实现方式也比较简单，buffer IO将数据写入pagecache后，在generic_write_sync()中判断是否开启同步写，如果开启则直接进行sync操作。

同步写与directIO的区别是，directIO 直接绕过pagecache进行读写，同步写是先将数据写入pagecache再立即写入磁盘。

异步IO

通常的IO操作，尤其是在读操作时，应用进程会被挂起，直到数据读取完成返回给应用层后才能执行后面的任务。对CPU来讲磁盘处理IO是一个漫长的过程，这往往使得IO性能变成整个业务的性能瓶颈。最初的解决办法通常是设计一个或者多个独立的IO任务线程，从而实现异步与并发，以提高IO性能。随着IO栈软硬件的不断优化，系统的并发IO能力不断提升，为了让业务达到更好的IO性能，一味增加IO线程数量并不是一个好办法，这会增大线程切换的开销，也使得任务管理变得复杂。为解决这种问题，在文件系统层支持了异步IO，使得应用程序可以不用复杂的设计就能实现异步IO，并且可以方便地提升IO并发程度，以达到更高的性能。

aio

Linux最初支持的原生异步IO接口，有一个限制是必须与directIO一同使用才能有异步的效果。以下是最主要的三个系统调用：

io_setup()，创建一个异步IO上下文。io_submit()，提交IO请求。io_getevents()，检查完成的IO请求。

具体的使用方法就不赘述了，可参看 https://www.cnblogs.com/lexus/archive/2013/03/28/2987415.html，下面来看看aio是如何实现的。

数据结构

struct kioctx { struct percpu_ref users; atomic_t dead; struct percpu_ref reqs; unsigned long user_id; //io_setup()中返回给应用的io_context_t *ctxp，同时等于mmap_base ... ... /* * This is what userspace passed to io_setup(), it's not used for * anything but counting against the global max_reqs quota. * * The real limit is nr_events - 1, which will be larger (see * aio_setup_ring()) */ unsigned max_reqs; //io_setup()中的nr_events /* Size of ringbuffer, in units of struct io_event */ unsigned nr_events; //ringbuffer数量，根据nr_events计算 unsigned long mmap_base; //aio ring buffer 内存起始地址 unsigned long mmap_size; //aio ring buffer 内存大小 struct page **ring_pages; //aio ring buffer 对应的内存页 long nr_pages; //aio ring buffer 内存页数量 ... ... struct file *aio_ring_file; //aio ring buffer 内存映射的文件 unsigned id; }

kioctx 代表一个aio上下文，描述aio的全部信息，在io_setup()系统调用中生成，与应用层的aio_context_t对应。其中最重要的是通过mmap_base，mmap_size,ring_pages,nr_pages 等数据描述一段内存，用于以ringbuffer的形式存放aio请求结果io_event。

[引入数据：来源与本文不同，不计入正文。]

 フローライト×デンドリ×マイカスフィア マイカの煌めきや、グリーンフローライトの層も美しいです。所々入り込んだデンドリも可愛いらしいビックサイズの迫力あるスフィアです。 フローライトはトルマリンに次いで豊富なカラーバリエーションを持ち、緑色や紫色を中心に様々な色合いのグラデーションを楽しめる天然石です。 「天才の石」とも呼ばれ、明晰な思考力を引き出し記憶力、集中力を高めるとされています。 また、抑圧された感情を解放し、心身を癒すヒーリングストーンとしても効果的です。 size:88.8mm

值得一提的是，这里的内存是在用户空间分配的，应用可以直接访问该段内存，查看io完成状态。其实现的方法也很有意思，在初始化kioctx 时创建一个虚拟文件，再使用mmap映射该文件得到一块共享内存，将内存起始地址mmap_base通过io_setup()的参数aio_context_t *ctxp返回给应用层，这样内核与应用就都可以访问该段内存了。

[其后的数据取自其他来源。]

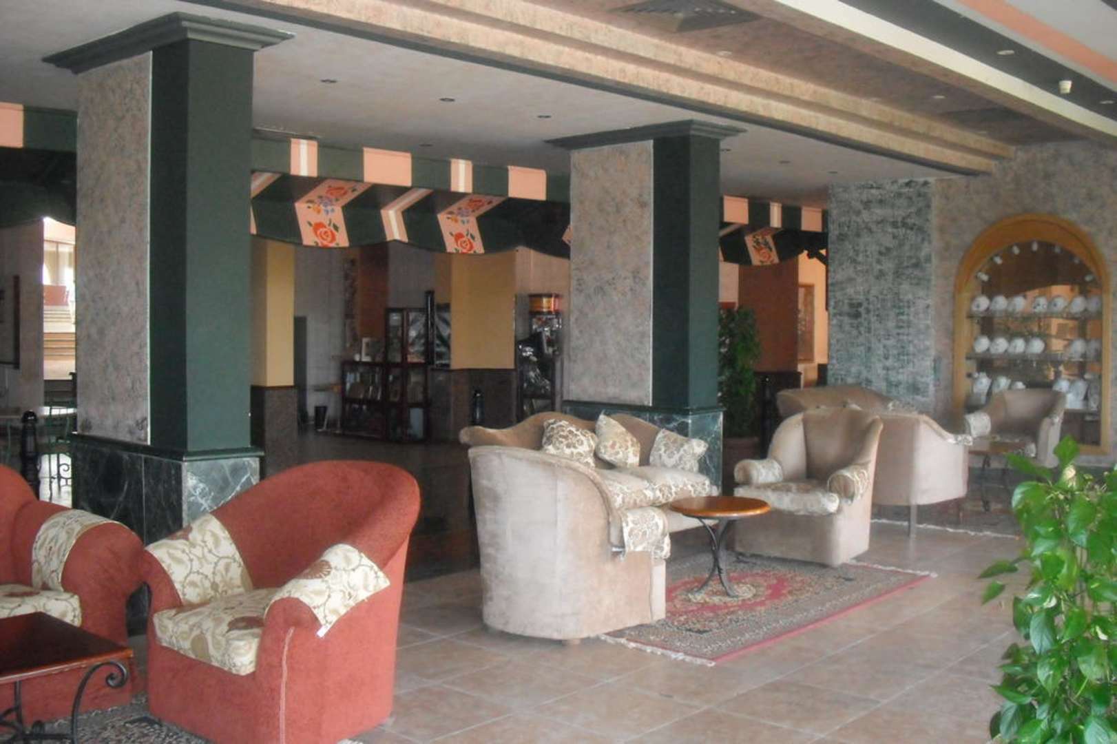In der Lobby stehen ganz viele Sofas und Sessel für gemütliches Sitzen zur Verfügung. Getränke werden zeitweise an den Tisch gebracht.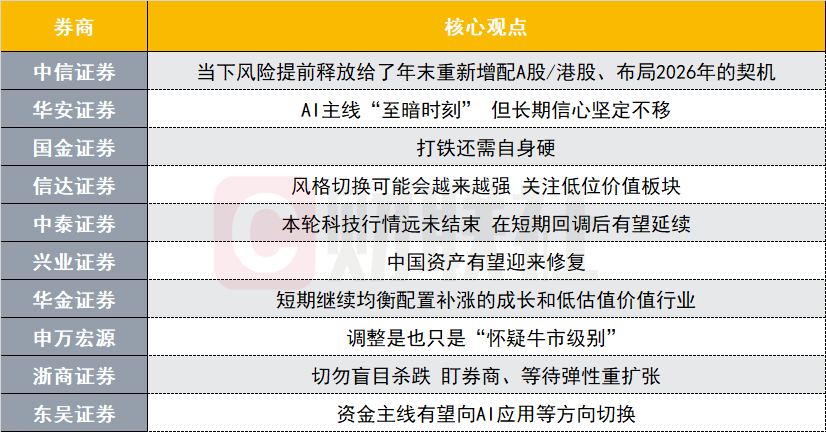 中信证券:当下风险提前释放给了年末重新增配A股/港股、布局2026年的契机 11月23日,十大券商最新策略观点新鲜出炉,具体如下: | 券商 | 核心观点 | | --- | --- | | 中信证券 | 当下风险提前释放给了年末重新增配A股/港股、布局2026年的契机 | | 华安证券 | AI主线"至暗时刻" 但长期信心坚定不移 | | 国金证券 | 打铁还需自身硬 | | 信达证券 | 风格切换可能会越来越强 关注低位价值板块 | | 中泰证券 | 本轮科技行情远未结束 在短期回调后有望延续 | | 兴业证券 | 中国资产有望迎来修复 | | 非金证券 | 短期继续均衡配置补涨的成长和低估值价值行业 | | 申万宏源 | 调整是也只是"怀疑牛市级别" | | 浙商证券 | 切勿盲目杀跌 盯券商、等待弹性重扩张 | | 东吴证券 | 资金主线有望向AI应用等方向切换 | 全球风险资产的波动表面是流动性问题,本质是风险资产对于AI单一叙事过于依赖,当产业发展速度(尤其是商业 化)跟不上二级市场的节奏时,适当的估值修正也是一种纾解风险的方式。北京时间周四(11月20日)晚,美国非农 就业数据的公布以及年内美联 ...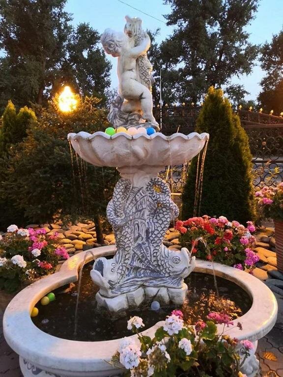 - Уютный дворик с фонтаном.; Доступные цены.; Чистое постельное белье.; Шикарный, просторный, чистый номер.; Возможность размещения с животными (за доплату).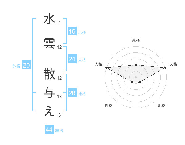 水雲 散与えさんを姓名の画数から五運を鑑定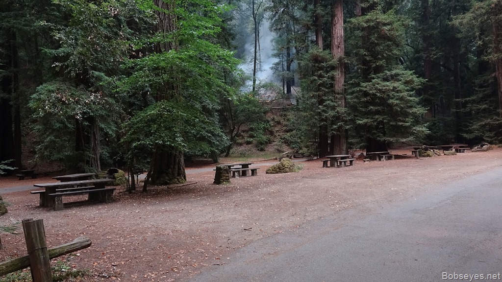 There were CAL Fire guys and state park fire guys all over the place mostly not doing too much except watching the slow burn to make sure it didn’t get up into the big trees. A slow burn is not very destructive and is good for the forest so they watched. I think the park will mostly be all right after the fires gone. It’s a renewal process. It’s hard to see but there are some small fires burning down the hill on the far right which have hit the valley floor where the big trees are.![]()

struct aio_ring { unsigned id; /* kernel internal index number */ unsigned nr; /* number of io_events */ unsigned head; /* Written to by userland or under ring_lock * mutex by aio_read_events_ring(). */ unsigned tail; unsigned magic; unsigned compat_features; unsigned incompat_features; unsigned header_length; /* size of aio_ring */ struct io_event io_events[0]; } struct io_event { __u64 data; /* the data field from the iocb */ __u64 obj; /* what iocb this event came from */ __s64 res; /* result code for this event */ __s64 res2; /* secondary result */ };

kioctx 中的共享内存中存放的是aio请求的结果，其数据格式是 aio_ring + nr_events个io_event ， aio_ring 结构主要用于管理ringbuffer的状态。后面的io_event与应用层的数据结构一致，存放请求结果。

处理流程

初始化：

在io_setup()系统调用中完成，主要工作是初始化kioctx结构，在aio_setup_ring()函数中创建虚拟文件，进行内存映射，初始化ringbuffer。

提交IO请求：

由io_submit()系统调用完成，以读操作为例，主要调用栈为：io_submit()->io_submit_one()->__io_submit_one()->aio_read()。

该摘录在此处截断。